Incoherent

It’s the futility. It’s too much like banging heads against walls, screaming into a void. At best, talking over and past each other.

How can we be at such odds, so far apart? Is it like this in other countries, or is it more the peculiar nature of this American experiment? We’re the opposite of a coherent beam of light.

Back in the mid-80s to early 90s, I helped make high-powered CO2 lasers for a living, the best job I ever had. Light amplification by stimulated emission of radiation… Circulate CO2 gas and introduce high voltage under vacuum, in a tube equipped with highly reflective mirrors properly placed and aligned, and voila: stimulated emission, photons bouncing off those mirrors at a high rate of speed and eventually all traveling in the same direction, leading to intensely high energy levels.

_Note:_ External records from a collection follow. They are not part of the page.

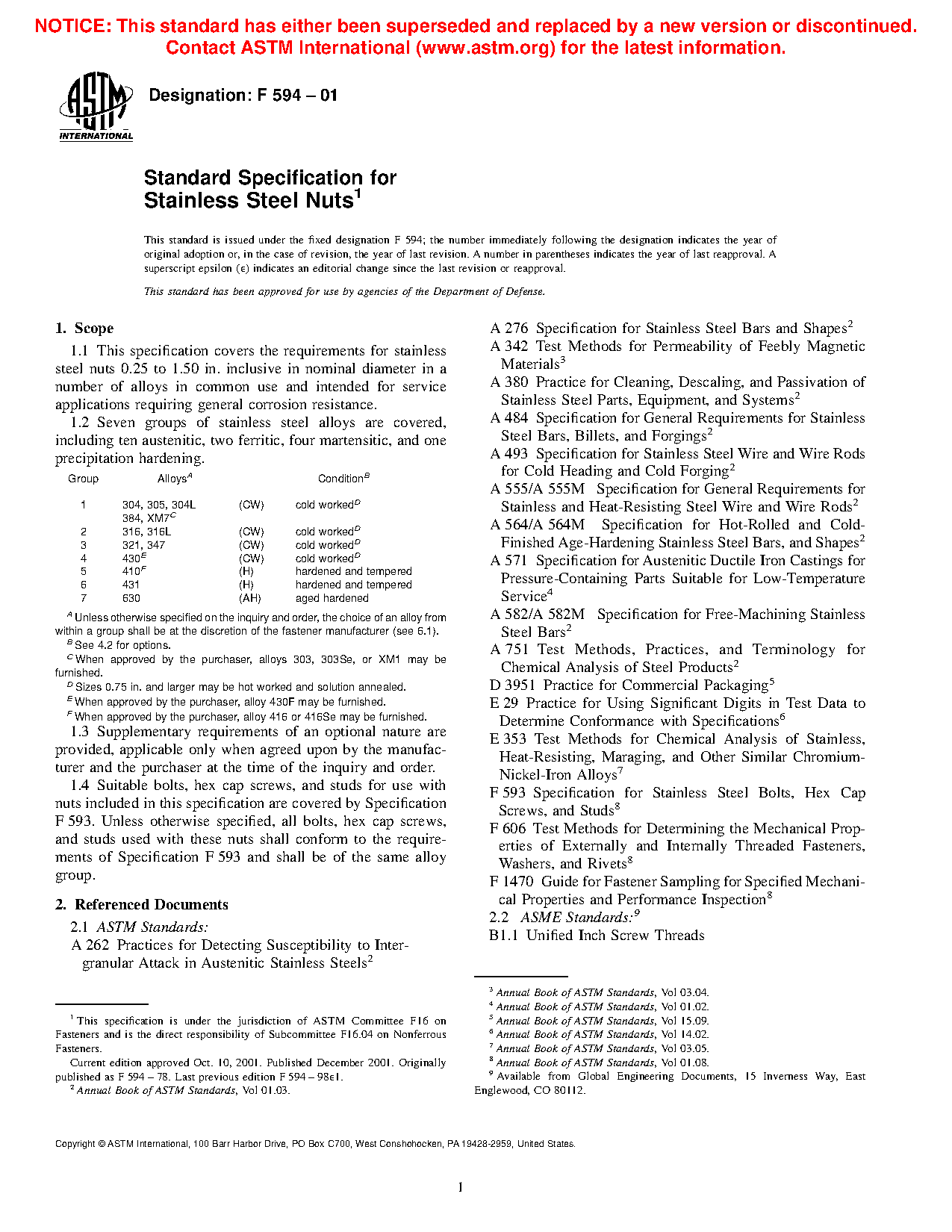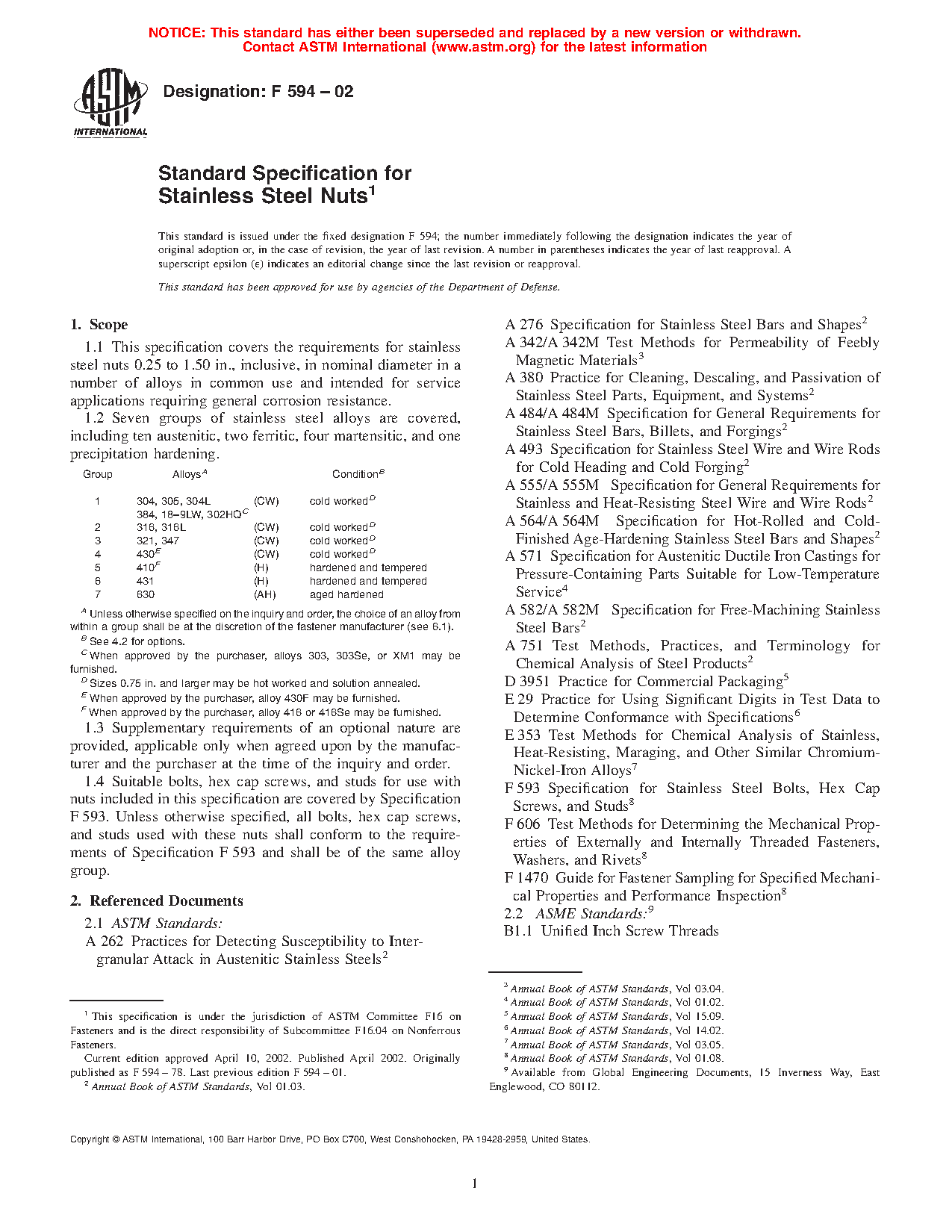 1.4 Suitable bolts, hex cap screws, and studs for use with nuts included in this specification are covered by Specification F593. Unless otherwise specified, all bolts, hex cap screws, and studs used with these nuts shall conform to the requirements of Specification F593 and shall be of the same alloy group.
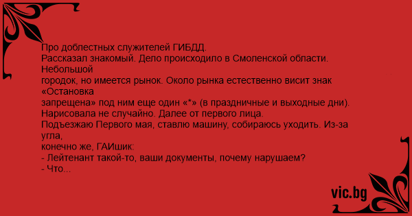 Про доблестных служителей ГИБДД. Рассказал знакомый. Дело происходило в Смоленской области. Небольшой городок, но имеется рынок. Около рынка естественно висит знак «Остановка запрещена» под ним еще один «*» (в праздничные и выходные дни). Нарисовала не случайно. Далее от первого лица. Подъезжаю Первого мая, ставлю машину, собираюсь уходить. Из-за угла, конечно же, ГАИшик: - Лейтенант такой-то, ваши документы, почему нарушаем? - Что нарушаю? - Вы что не видели знак, висит «Остановка запрещена»? - Видел. - А почему остановились? - Так май месяц на дворе. - И что? - Так товарищ лейтенант там же еще один знак висит, на нем снежинка нарисована. ГАИшник смотрит на меня удивленно и спрашивает: - И что это обозначает? Ну, я не растерялся и говорю: - Что остановка запрещена только в снегопад. Стою, наблюдаю за реакцией. Он документы посмотрел и …… отпустил. Вот так-то.
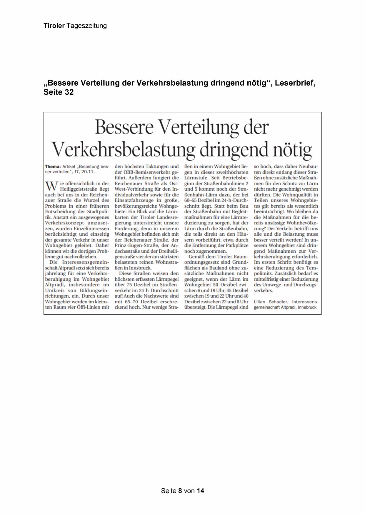 Thema: Artikel „Belastung besser verteilen“, TT, 20.11.
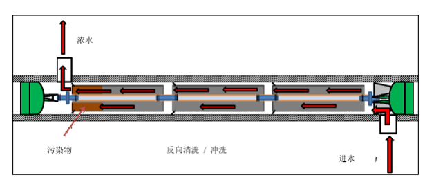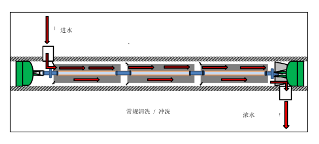 常見的反滲透的沖洗設(shè)計(jì)一般是從壓力容器進(jìn)水端流入,經(jīng)過膜元件后從壓力容器濃水端流出,這個(gè)流向與反滲透系統(tǒng)正常運(yùn)行時(shí)是一樣的。反滲透的反向沖洗指的是由濃水端向進(jìn)水端方向進(jìn)行沖洗的過程, 反向沖洗有助于去除反滲透系統(tǒng)的前端污染物,采用此方法進(jìn)行沖洗反滲透膜元件受到的污染更?。划?dāng)有顆粒物(細(xì)砂、活性炭)時(shí),必須采用此方法,以免反滲透膜表面被劃傷。需要注意的是任何時(shí)候嚴(yán)禁由產(chǎn)水端向進(jìn)水端進(jìn)行沖洗,這會(huì)造成反滲透膜元件背壓,使反滲透膜元件受到不可逆轉(zhuǎn)的損害。
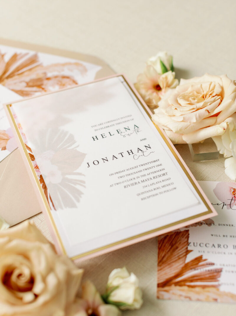 The Punta Cana wedding invitation suite is an exquisite combination of gold and pink hues, adorned with delicate orchids and elegant pampas grass motifs. The tropical vellum wedding invitation suite exudes a modern bohemian charm, capturing the essence of a romantic and enchanting wedding celebration. To complete the captivating ensemble, the wedding invitation features a tropical floral envelope liner, adding a touch of tropical paradise. This meticulously crafted suite is the epitome of style and sophistication, setting the perfect tone for a truly memorable and extraordinary wedding experience.
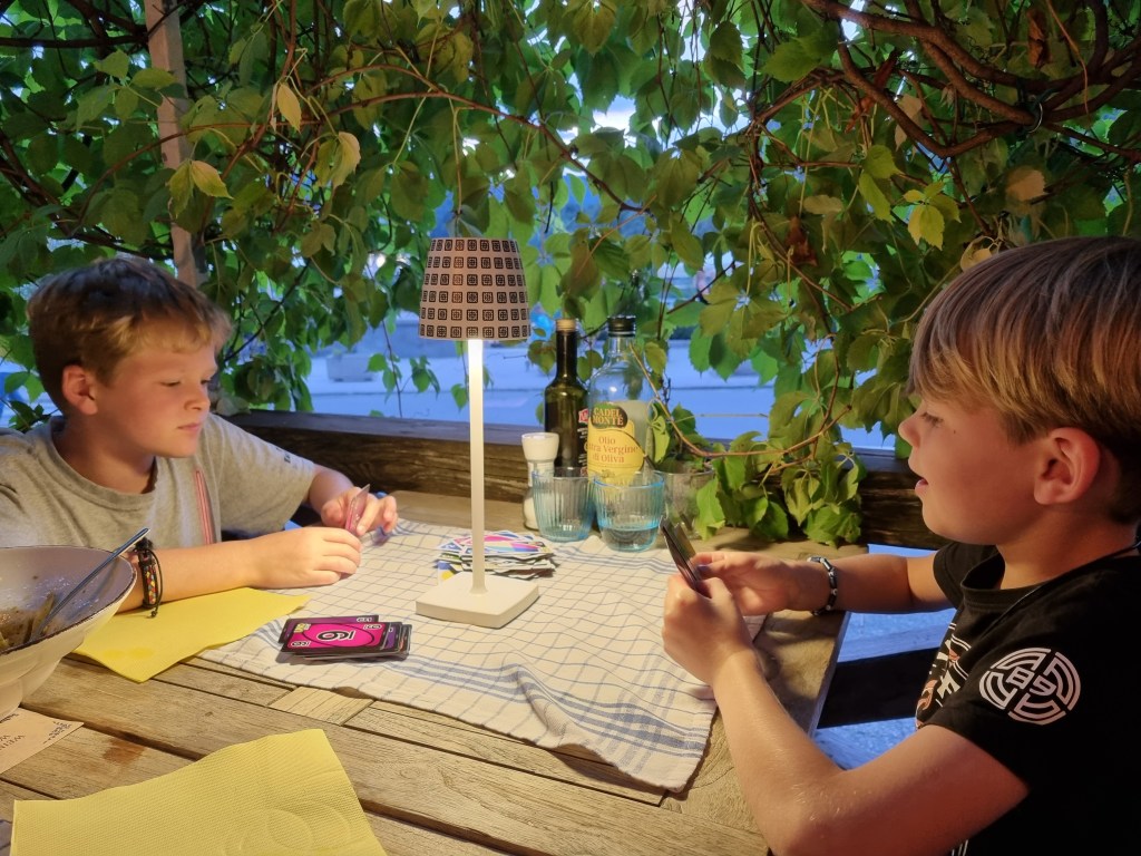 Monika Poklukar is unique spot for a drink and meat/cheese platter, open Friday to Sunday from 12-7 PM. Set slightly away from the lake along Mlinska cesta 28, the bar is known for its delicious home-brewed beer, cider, and wine. Monika runs it with her mother and daughter. They are very welcoming, giving our kids garden games to play with.
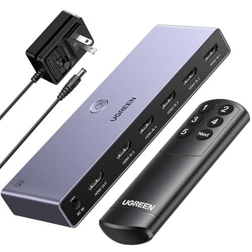 UGREEN HDMI切り替え器は5入力1出力で、8K@60Hz対応。HDCP 2.3/HDMI 2.1対応の手動切替機。Windows、MacOS、Linuxに対応し、PS3/PS4/PS5/Switchの動作確認済み。電源アダプター付属。
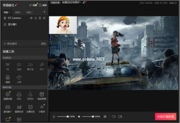 7、嵌入EV虛擬攝像頭,并錄制顯示器進行直播的效果。
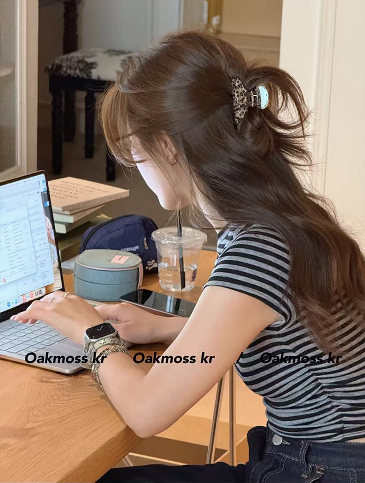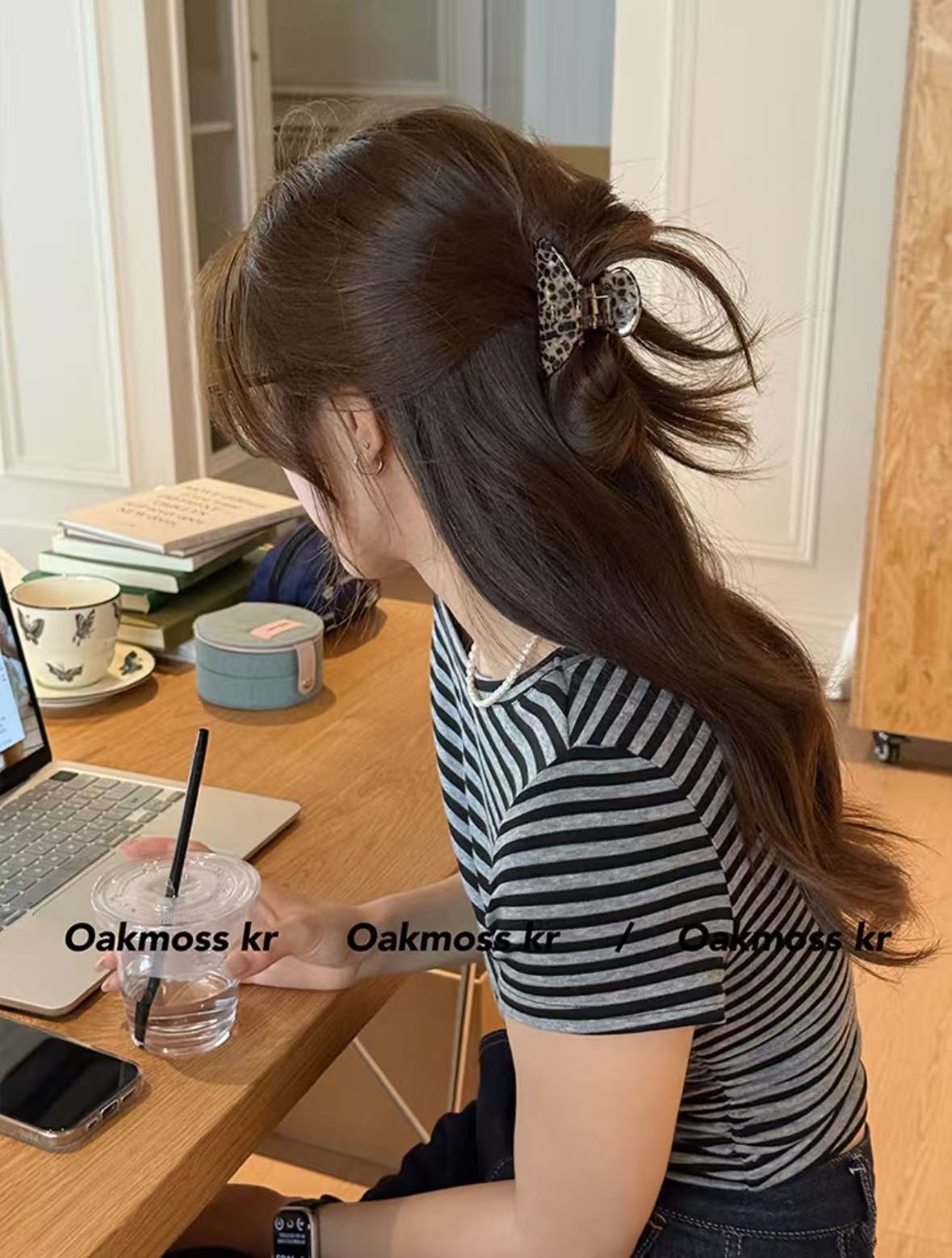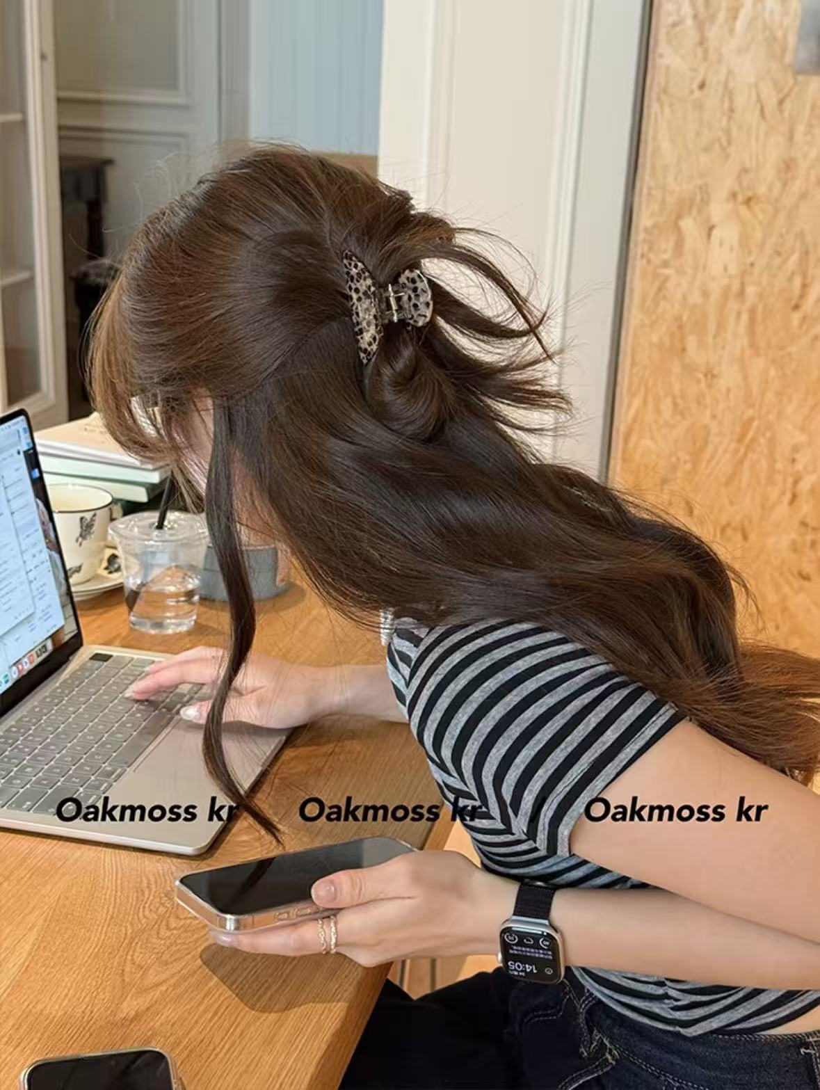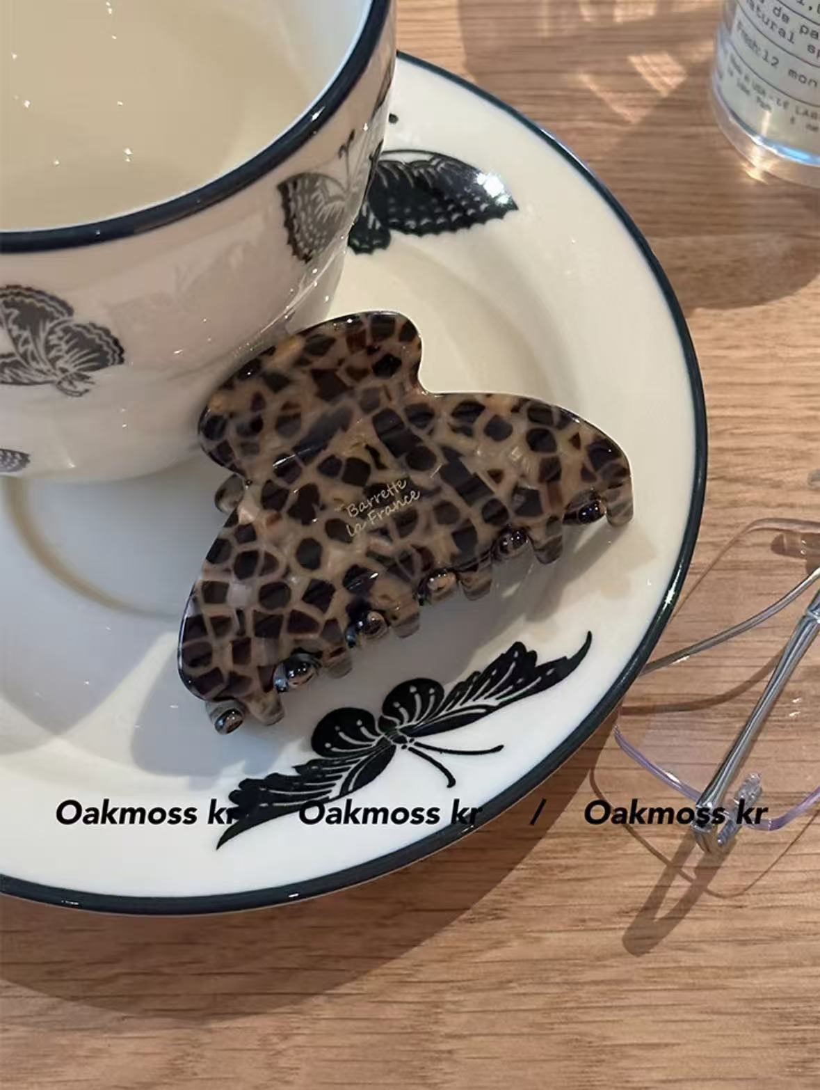 올드 머니 스타일 프렌치 하이엔드 레오파드 프린트 아세테이트 클립, 복고풍 스타일의 미디엄 샤크 클립, 머리핀, 머리핀스토어 가기
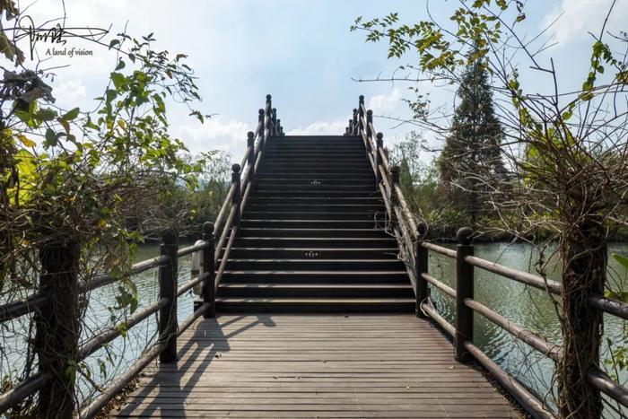 在公园里游玩,发现几个临近的小岛之间,绝大部分都以浮桥相连,人在桥上行走,如果剧烈运动,能明显有晃晃悠悠的感觉,好在两边护栏牢靠,看上去挺安全。但是在樱花岛和香草岛之间,码头和宣教处附近却有一座石桥。

The raw beam will burn a hole in a tree sixty feet away. It’ll blow a cinder block apart. Imagine what a focused beam can do. It can lase Jello, but works much better on hardened steel. That’s what happens when the beam’s component parts are all moving in the same direction and brought into focus.

I don’t see anything like this ever happening in America. There are too many moving parts, too many opinions, too many errant photons doing their own thing, bouncing all over the place. And maybe that’s as it should be? Anything approaching coherence would probably be viewed as anathema to the American ethos.

Most of us have been able to move beyond Covid-19 despite the initial incompetence and denial and scatterbrained effort, and also because a subset of enterprising and capable scientists had been on the same page in having developed the building blocks for a workable vaccine. The closest we’ve all come to being on the same page and focused on solutions in challenging times might be a war effort eighty years earlier.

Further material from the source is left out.